Released Sept. 8 2014
Maybe it was the mysterious nature of the Italy-based producer behind Tayi Bebba, but the phrase ‘cultural appropriation’ is now probably the first thing dance aficionados associate with Clap! Clap!. That’s a shame. Let’s assume for a moment that the person is a white man; is this then an attempt to dress up someone else’s work – maybe that of a whole culture – as something original, and then profit from it, the way the likes of Pat Boone did by rerecording early R&B hits in a more ‘white’ style? I would argue it isn’t. For one thing, it’s clear that, although the samples of field recordings on Tayi Bebba pervade the album and give it its concept (an imaginary island), they’re arguably transformed into original work by the way they’re sampled and combined with synthesized elements to make a work that has merit in its own right. Of course, the work being interesting doesn’t absolve the creator of having swiped someone else’s ideas, but frankly, it helps. Nothing about Tayi Bebba feels tossed-off or exploitative; it’s a nuanced, well-constructed work. In a certain sense, I’d compare it to A Tribe Called Red; while ATCR obviously has a direct link with its native Canadian sample sources and Clap! Clap! may not, ATCR didn’t invent their culture from whole cloth either, they just brought vibrant new context and creativity to existing material. (I find it a little odd that dogmatic left-wing radicals are, in these cases, so hung up on the idea of inherited culture. They certainly don’t feel that way about inherited wealth.) While Clap! Clap! may not have come from the culture he or she is sampling, I don’t see any attempt to claim authority or authenticity in reference to the source material, so without knowing more, I’m willing to listen.

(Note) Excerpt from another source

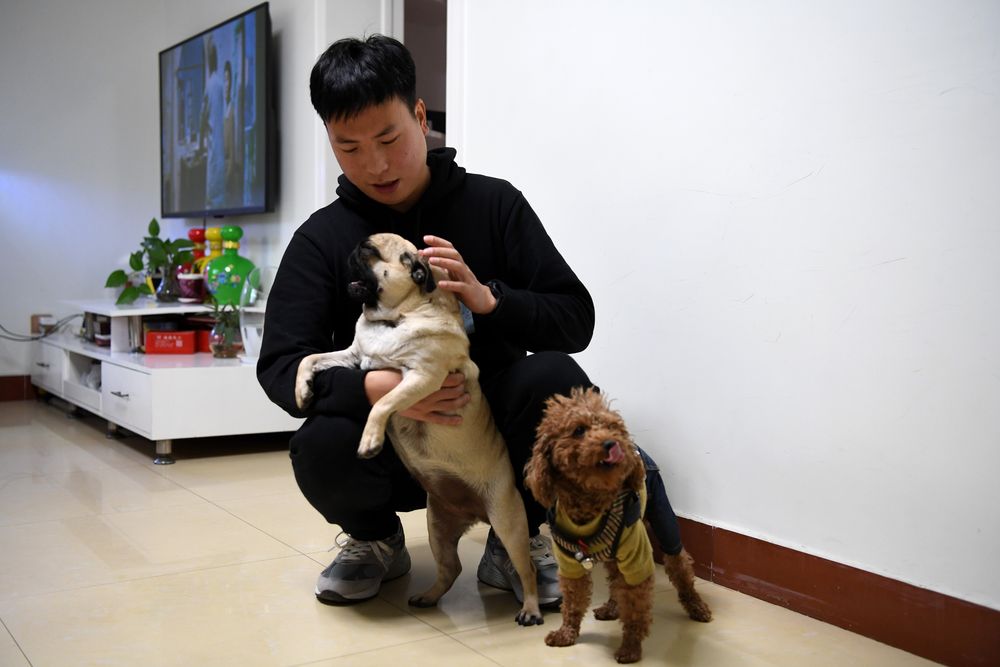 ??12月18日,孫浩在家里和寵物狗玩耍。

With that out of the way, boy do I dig this record. Clap! Clap!’s talent as an arranger and producer is unmistakeable; there’s nothing outwardly ‘ethnic’ about a song like “Conqueror (remorse/withdrawn),” yet it’s just as arresting and invigorating as the more obviously African-based “The Rainstick Fable” with its chants and kalimba melody plinking and plunking away over vivid manifestations of the low end theory. Read: bass. There’s no gimmick here, that I can see; just great, kinetic dance music that borrows liberally from garage, hip-hop and dancehall as well as its sample sources to create refreshingly original stuff. I love the half-time trunk-rattling rhythm of “Kuj Yato” and the almost Bhangra-like Jew’s harp groove of “Burbuka.” Oh hell, I love it all. If you’re a fan of Mo Kolours or Flying Lotus’ early stuff, your life will be vastly improved by this album.